A Timeline of Epoch Time

1969

Unix is born at Bell Labs

Ken Thompson and Dennis Ritchie develop Unix. They need a simple, universal way to represent time. A single integer counting seconds from a fixed point wins over complex date structures.

January 1, 1970 — 00:00:00 UTC

The Unix Epoch — timestamp 0

The reference point. Not a significant historical date — just a convenient round number that was "recent past" when Unix was designed, making timestamps small and manageable.

July 20, 1969

Moon landing

-14,182,940

Before the epoch — negative Unix timestamp. The epoch isn't the beginning of time, just a reference point.

Today — 2026

Current epoch time

≈ 1,715,000,000+

About 1.7 billion seconds since midnight on January 1, 1970. A 10-digit number that fits comfortably in any integer type.

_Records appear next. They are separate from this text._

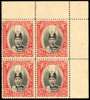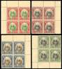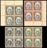 1937 set of 9 to $5, blocks of 4, mint unmounted o.g., toned and a couple of trivial gum blemishes but scarce multiples. SG 60/68, cat £1200+
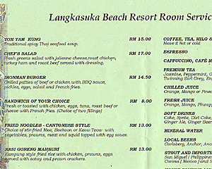 <ポイント> アンダマン等の高級リゾートと比べて、ラサリアリゾートのルームサービスは約半額程度。 安さに感動しサンドイッチを頼んだのですが、正直あんまりおいしくなかった。 ルームサービスとは話がそれますが、我々の感じたラサリアリゾートの食事は全体的にあまりおいしくありませんでした。 朝のビュッフェはあまり種類がなく、毎日同じ。ドリンクもオレンジジュースと、ミルク、ティー、コーヒーと言った感じ。 ラサリアリゾート大スキの方ごめんなさい。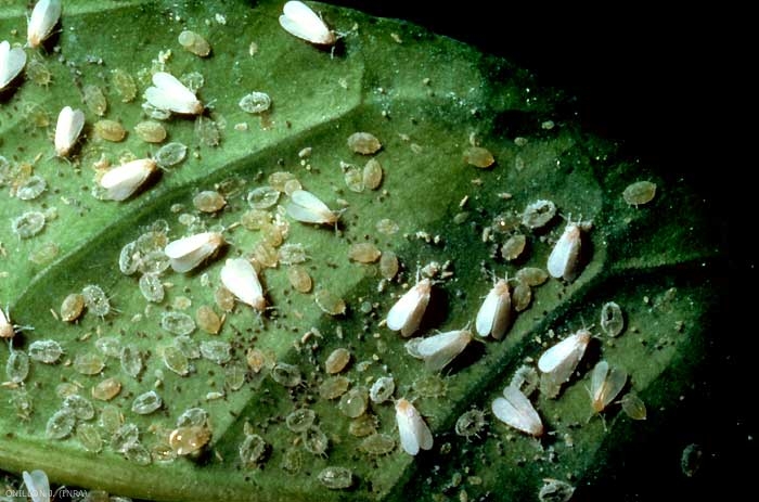 Les adultes se regroupent au sommet des plantes, sur les organes les plus jeunes ; ils s'envolent rapidement si on les dérange. Cet aleurode est responsable de dégâts très graves : prélèvement de sève, émission de miellat et formation de fumagine (figures 3 et 4). Sur une feuille de haricot, on peut compter jusqu'à 2 000 larves, chacune capable de produire 20 gouttes de miellat en une heure. Les tomates attaquées sont impropres à la commercialisation (figure 5). Par ailleurs, cet insecte peut aussi transmettre des viroses.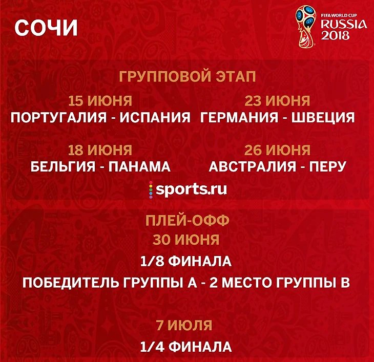 Для проведения футбольных матчей Чемпионата выбран стадион «Фишт». Спортивная арена была построена 2013 году специально для Олимпиады: здесь проходили церемонии открытия, закрытия игр и награждение спортсменов. Она расположена в «Олимпийском парке», что раскинулся на территории Имеретинской низменности. По внешнему виду спорткомплекс напоминает одновременно ракушку и заснеженную вершину. Назван он в честь одной из самых известных гор Главного Кавказского хребта, имя которой с адыгейского переводится как «белая голова». Для ЧМ 2018 проводилась реконструкция. Вмещает 40 тыс. зрителей, но после ЧМ-2018, уменьшит количество мест до 25 тыс. Здесь пройдут групповые матчи и одна из игр 1/8 финала ЧМ-2018. На обновленном стадионе четыре трибуны — две крытые и две открытые. Крытые трибуны накрывают конструкции крыши, которая состоит из двух отдельных частей. С трибун можно увидеть горы и море.

January 19, 2038 — 03:14:07 UTC

The Year 2038 Problem

2,147,483,647

The maximum value of a signed 32-bit integer. Legacy systems still using 32-bit timestamps will overflow here — wrapping to 1970. Modern 64-bit systems are not affected.

Year 292,277,026,596

64-bit overflow — nothing to worry about

9,223,372,036,854,775,807

The maximum value of a signed 64-bit integer. By then, the Sun will have already become a red giant.

Why January 1, 1970?

The choice of 1970 is often misunderstood. It has nothing to do with a special event in history. The early Unix developers needed a recent starting date that would keep timestamps small enough to fit in the available integer types of 1970s hardware. January 1st of a year near the development period was a natural choice.

The exact date was also influenced by practical trade-offs: going too far back would waste bits representing decades of negative or near-zero timestamps; going too far forward would delay the overflow problem unnecessarily. 1970 was a pragmatic compromise — and it stuck.

Interestingly, the very first version of Unix used a different epoch. Early Unix systems counted in 1/60th of a second intervals from January 1, 1971. The current Unix epoch was standardized later as part of POSIX.

How Epoch Time Works

The counter is straightforward: one second = one increment. But a few technical details matter:

UTC, always. Epoch time is always in UTC, never in local time. Timezone conversions happen only when displaying to humans.
Leap seconds are ignored. POSIX Unix time pretends leap seconds don't exist. A Unix day is always exactly 86,400 seconds, even though some real days have 86,401. This means Unix timestamps aren't perfectly continuous at leap second boundaries — a known limitation for high-precision timing systems.
Negative values are valid. Timestamps before 1970 are represented as negative integers. The Moon landing happened at Unix timestamp -14,182,940.

Seconds, Milliseconds, Microseconds, Nanoseconds

Different systems use different levels of precision. All of them count from the same epoch — just in smaller units.

Seconds

1,715,429,912

Milliseconds

1,715,429,912,000

Microseconds

1,715,429,912,000,000

Nanoseconds

1,715,429,912,000,000,000

The easiest way to identify precision: count the digits. 10 = seconds, 13 = milliseconds, 16 = microseconds, 19 = nanoseconds. See the full guide: Unix Seconds vs Milliseconds.

Famous Epoch Timestamps

Epoch time puts history on a number line. Some memorable moments, expressed as Unix timestamps:

🌍 Unix Epoch — "time zero"

January 1, 1970 00:00:00 UTC

🌙 Apollo 11 Moon landing

July 20, 1969 20:17:40 UTC

-14,182,940

🎉 Y2K — the non-event

January 1, 2000 00:00:00 UTC

946,684,800

📱 First iPhone announced

January 9, 2007 18:00:00 UTC

1,168,372,800

₿ Bitcoin genesis block

January 3, 2009 18:15:05 UTC

1,231,006,505

⚠️ Year 2038 overflow

January 19, 2038 03:14:07 UTC

2,147,483,647

Convert any timestamp — including the famous ones above

Paste 946684800 (Y2K), 1231006505 (Bitcoin genesis), or any other timestamp into UnixLi for the full conversion: UTC, local time, ISO 8601, SQL, relative time and code snippets.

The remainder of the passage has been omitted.